Published source: Annals of Internal Medicine, November 1, 2011

Available at: http://www.annals.org/content/155/9/625.full

Endorsed with qualifications by the AAFP, January 2013. http://www.aafp.org/patient-care/clinical-recommendations/all/endorsed.html

Most hospitalized patients have at least one risk factor for venous thromboembolism (VTE), such as pulmonary embolism or deep venous thrombosis. The American College of Physicians (ACP) has released guidelines on VTE prophylaxis in hospitalized, nonsurgical patients, including those with acute stroke.

Recommendations

Patients should be assessed for the risk of thromboembolism and bleeding before the initiation of VTE prophylaxis.

The decision to initiate VTE prophylaxis should be based on the patient's individual risk of thromboembolism and bleeding, and the balance of benefits versus harms. Risk factors for thromboembolism are inherited (e.g., factor V Leiden mutation, prothrombin gene mutation, protein S or C deficiency, antithrombin deficiency) or are acquired (e.g., surgery, cancer, immobilization, trauma, presence of a central venous catheter, pregnancy, medication use, congestive heart failure, chronic renal disease, antiphospholipid antibody syndrome, obesity, smoking, older age, history of thromboembolism). Although there are many tools for assessing thromboembolism risk, there is insufficient evidence to recommend one over the others. General evidence regarding risk factors also may be used to make decisions about the need for prophylaxis.

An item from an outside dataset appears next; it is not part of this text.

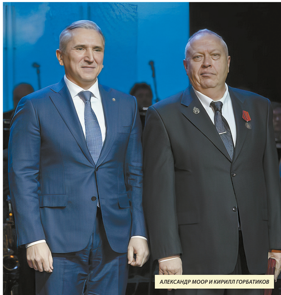
АЛЕКСАНДР МООР И КИРИЛЛ ГОРБАТИКОВ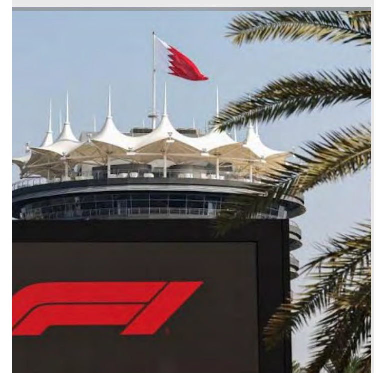
Testes de pré-temporada começam na próxima quarta-feira no Bahrein

Os testes são importantes para que equipes e pilotos tenham a primeira oportunidade real de testar seus novos carros antes da abertura da temporada, em 16 de março, na Austrália.

Heparin or a related drug can increase the risk of bleeding, especially in older patients; women; patients with diabetes mellitus, hypertension, cancer, alcoholism, liver disease, severe chronic kidney disease, peptic ulcer disease, anemia, poor treatment adherence, previous stroke or intracerebral hemorrhage, bleeding lesions, or bleeding disorder; and in patients taking certain concomitant medications.

Prophylaxis with heparin or a related drug is recommended unless the risk of bleeding outweighs the likely benefits.

Prophylaxis with heparin has been shown to significantly reduce pulmonary embolisms in hospitalized patients, although bleeding events were increased. In most patients, the clinical benefit of decreased pulmonary embolisms outweighs the risk of bleeding. Evidence is insufficient to conclude that these risks and benefits differ in patients with stroke, although prevention of recurrent stroke may be an added benefit in these patients.

The optimal duration of heparin therapy is unclear. The benefits and risks are not significantly different between low-molecular-weight heparin and unfractionated heparin, and fondaparinux (Arixtra) has not been directly compared with heparin. The choice of medication should be based on ease of use, adverse effect profile, and cost.

Mechanical prophylaxis with graduated compression stockings is not recommended.

Use of graduated compression stockings was not shown to be effective in preventing VTE or reducing mortality, and can cause clinically important damage to the skin. Intermittent pneumatic compression may be a reasonable option if heparin is contraindicated, because evidence suggests that it is beneficial in patients undergoing surgery. However, the therapy has not been sufficiently evaluated as a stand-alone intervention in other patients.

Coverage of guidelines from other organizations does not imply endorsement by AFP or the AAFP.